Reserve uma hora do seu dia (ela dura mesmo 60 minutos) para ouvir atentamente essa entrevista do Gustavo Ioschpe e reflita a respeito das prioridades na educação brasileira. Você não precisa concordar "em gênero, número e grau", já que a unanimidade é burra, mas preste bastante atenção, pois a questão das prioridades é muito bem discutida neste bate-bapo descontraído, mas que aborda os pontos principais para uma análise do sistema de ensino no país.

Consideramos Gustavo Ioschpe uma espécie de "colaborador" do blog, pois já postamos e comentamos aqui muitos dos seus artigos e até recebemos dos nossos seguidores mensagens e comentários dirigidos a ele, o que mostra que alguns leitores o consideram "da casa".

O que chama a atenção no discurso do Gustavo é sua objetividade e coerência. Ele procura se basear em estudos e estatísticas, mostra números e percentagens e, quando é perguntado sobre algo que não pode mensurar, esclarece que se trata de opinião pessoal. Nada mais sensato e ético. Não é isso que se espera de um pesquisador e especialista em educação?  Ainda assim, ele sofre grande rejeição, principalmente por parte da classe docente ligada ao ensino público. Geralmente, aqueles que criticam mais ferrenhamente suas teses são os que não conseguem comprovar as próprias... Por isso mesmo Gustavo resume o marasmo na educação à expressão "muito calor e pouca luz": discussões acaloradas e intermináveis produzindo resultados pífios. 

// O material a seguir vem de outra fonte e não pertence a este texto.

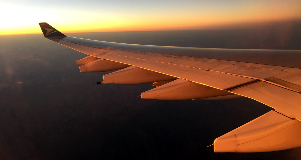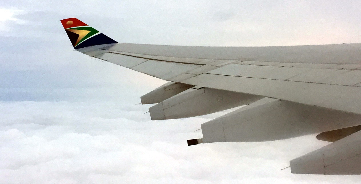 Depois de viajar em várias companhias aéreas em vários países, será nossa primeira viagem até a África e achamos uma passagem muito boa pela SAA; esta é uma das companhias que fazem voos diretos do Brasil para a África do Sul com 10 voos semanais entre o Aeroporto Internacional de Guarulhos, em São Paulo, e o Aeroporto Internacional O.R. Tambo, em Johanesburgo. A outra companhia que faz o trajeto é a LATAM. Infelizmente o voo não pára na Cidade do Cabo, portanto será preciso comprar um voo entre Joburg e Cape Town.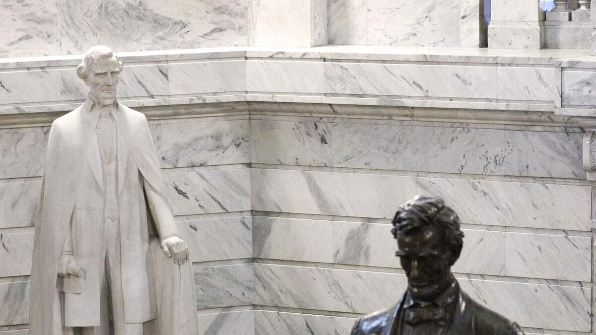 FRANKFORT, KY - AUGUST 30: A statue of Confederate President Jefferson Davis (left) stands near a statue of President Abraham Lincoln in the rotunda of the Kentucky State Capitol building August 30, 2017 in Frankfort, Kentucky. African-American groups held a rally there today to urge Kentucky Governor Matt Bevin to remove the statue of Davis. (Photo by Bill Pugliano/Getty Images)

Existe uma questão na qual Gustavo não consegue penetrar em profundidade e talvez ele mesmo não se dê conta do tamanho do buraco: é o nível de satisfação das famílias brasileiras com respeito à qualidade do ensino da escola dos filhos que, segundo pesquisas, atinge nota 8 sobre 10, quando a nota média nacional do Ideb no final do Ensino Fundamental não passa de 4... Só quem vivencia a escola por dentro, como nós, que sempre tivemos e teimamos em manter nossos filhos na rede pública, consegue penetrar o TABU. Não por acaso criamos neste blog a série A escola TABU, que já está no número 65. Para dar alguma dimensão da profundidade desse enfoque, vamos ao nº 1 dessa série e em seguida ao desfecho do caso relatado, que foi publicado no nº 45 da série.

A escola TABU nº 1 - Processo administrativo na EE David Eugênio dos Santos, em São Paulo Trata-se aqui de uma denúncia escabrosa encaminhada pela comunidade escolar contra a direção da escola, envolvendo desde maus tratos e torturas em alunos, até falcatruas financeiras e irregularidades administrativas. O caso chegou a ter repercussão na mídia no ano de 2004, sem que isso resultasse no afastamento da direção ou em melhorias na escola.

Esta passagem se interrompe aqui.